--- Data for this exercise ---

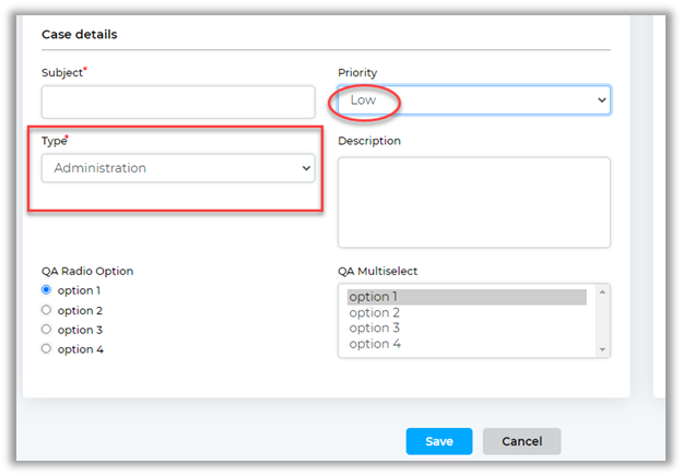 If the customer has selected the “Low” priority, then the Type field will appear while adding the case as per the conditional statements from the Conditional Settings. [2]
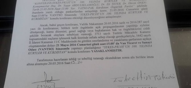 Van Valiliği tarafından alınan yasaklama kararında ‘’…konferansın; bölücü terör örgütünün açık propagandasının yapıldığı eyleme dönüşeceği, kamu düzenini, genel sağlığı veya başkalarının hak ve özgürlüklerini ciddi şekilde bozacak olaylara sebebiyet vereceği,3713 sayılı terörle Mücadele Kanunu kapsamındaki suçların işlenerek halk üzerinde infiale sebep olacağı gerrekçeleriyle,….konferans YASAKLANMIŞTIR’’ denilmektedir.
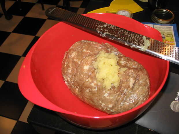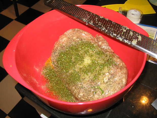 En un tazón grande, Agregue ajo rallado y romero seco a unas cuantas libras de pavo molido. Turquía comienza lean bastante, pero si quieres super magro, de pechuga de pavo de tierra.
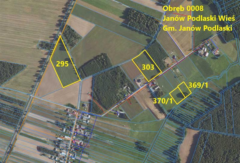 udział 1/2 w działce ewidencyjnej nr 295 o pow. 2,0488ha (pastwiska trwałe PsVI-0,0371ha; grunty orne RIVb-0,3409ha; RV-1,6708ha) położony w msc. Janów Podlaski Wieś w gminie Janów Podlaski i posiadający założoną księgę wieczystą nr LU1B/00011959/8.
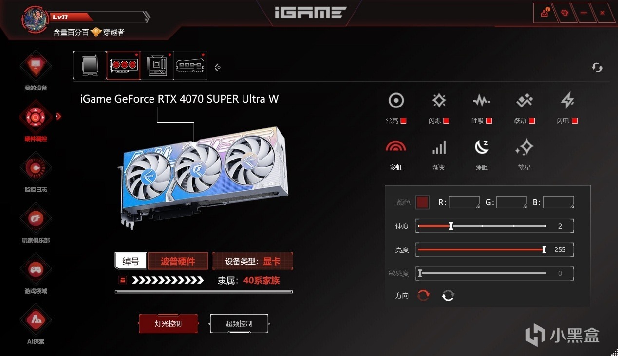 七彩虹显卡的官方驱动软件是iGame Center,可以实时监控电脑硬件的运行状况,包括CPU和显卡的频率、温度、内存使用率等,软件提供手动超频设置,用户可自主调整自己的七彩虹显卡的频率、电压等参数,以获得更高水平的性能表现。同时支持显示屏自定义功能(视具体型号而定)以及RGB灯光控制,可以独立调整显卡、主板、风扇或内存的灯效,实现个性化的灯光风格,也可选择统一的风格进行神光同步。
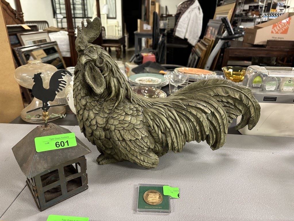 Lot Number Lead 601 LARGE ROOSTER DECOR PIECE AND SMALLER HURRICANE 602 VINTAGE PINOCCHIO BOOK GREAT ILLUSTRATIONS 603 CONSTITUTION OF THE UNITED STATES BRONZE COIN 604 LARGE LOT OF DISNEY MOVIE LITHOGRAPHS / PRINTS 605 VINTAGE METAL BASED CENTERPIECE / COMPOTE 606 LOT OF MISC STAMPS 607 VINTAGE HANDMADE THROW RUG / MAT 608 BOX LOT OF MISC HOUSEWARES W BASKET 609 ARCHED TOP TRUNK / STORAGE 610 VERY LARGE AUSTIN SCULPTURE OF A CAT 611 VINTAGE OTTOMAN / FOOTSTOOL 612 VINTAGE BEADED CLUTCH PURSE / HONG KONG 613 VINTAGE DIECAST CAR / TESTORS 614 PRETTY LIDDED BOX 615 PRETTY...
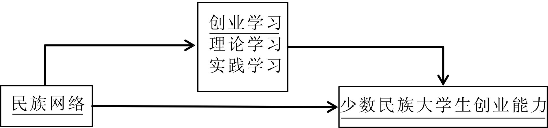 基于上述分析,本研究以创业学习作为中介变量,构建民族网络、创业学习、少数民族大学生创业能力三者之间的关系模型,探索民族网络对少数民族大学生创业能力的影响,分析创业学习在两者关系中的中介作用。

---

Problem to work on: Every line above should be duplicated exactly; the pictures are to be left out.

Answer to this problem:
 If the customer has selected the “Low” priority, then the Type field will appear while adding the case as per the conditional statements from the Conditional Settings. [2]
 Van Valiliği tarafından alınan yasaklama kararında ‘’…konferansın; bölücü terör örgütünün açık propagandasının yapıldığı eyleme dönüşeceği, kamu düzenini, genel sağlığı veya başkalarının hak ve özgürlüklerini ciddi şekilde bozacak olaylara sebebiyet vereceği,3713 sayılı terörle Mücadele Kanunu kapsamındaki suçların işlenerek halk üzerinde infiale sebep olacağı gerrekçeleriyle,….konferans YASAKLANMIŞTIR’’ denilmektedir.
 En un tazón grande, Agregue ajo rallado y romero seco a unas cuantas libras de pavo molido. Turquía comienza lean bastante, pero si quieres super magro, de pechuga de pavo de tierra.
 udział 1/2 w działce ewidencyjnej nr 295 o pow. 2,0488ha (pastwiska trwałe PsVI-0,0371ha; grunty orne RIVb-0,3409ha; RV-1,6708ha) położony w msc. Janów Podlaski Wieś w gminie Janów Podlaski i posiadający założoną księgę wieczystą nr LU1B/00011959/8.
 七彩虹显卡的官方驱动软件是iGame Center,可以实时监控电脑硬件的运行状况,包括CPU和显卡的频率、温度、内存使用率等,软件提供手动超频设置,用户可自主调整自己的七彩虹显卡的频率、电压等参数,以获得更高水平的性能表现。同时支持显示屏自定义功能(视具体型号而定)以及RGB灯光控制,可以独立调整显卡、主板、风扇或内存的灯效,实现个性化的灯光风格,也可选择统一的风格进行神光同步。
 Lot Number Lead 601 LARGE ROOSTER DECOR PIECE AND SMALLER HURRICANE 602 VINTAGE PINOCCHIO BOOK GREAT ILLUSTRATIONS 603 CONSTITUTION OF THE UNITED STATES BRONZE COIN 604 LARGE LOT OF DISNEY MOVIE LITHOGRAPHS / PRINTS 605 VINTAGE METAL BASED CENTERPIECE / COMPOTE 606 LOT OF MISC STAMPS 607 VINTAGE HANDMADE THROW RUG / MAT 608 BOX LOT OF MISC HOUSEWARES W BASKET 609 ARCHED TOP TRUNK / STORAGE 610 VERY LARGE AUSTIN SCULPTURE OF A CAT 611 VINTAGE OTTOMAN / FOOTSTOOL 612 VINTAGE BEADED CLUTCH PURSE / HONG KONG 613 VINTAGE DIECAST CAR / TESTORS 614 PRETTY LIDDED BOX 615 PRETTY...
 基于上述分析,本研究以创业学习作为中介变量,构建民族网络、创业学习、少数民族大学生创业能力三者之间的关系模型,探索民族网络对少数民族大学生创业能力的影响,分析创业学习在两者关系中的中介作用。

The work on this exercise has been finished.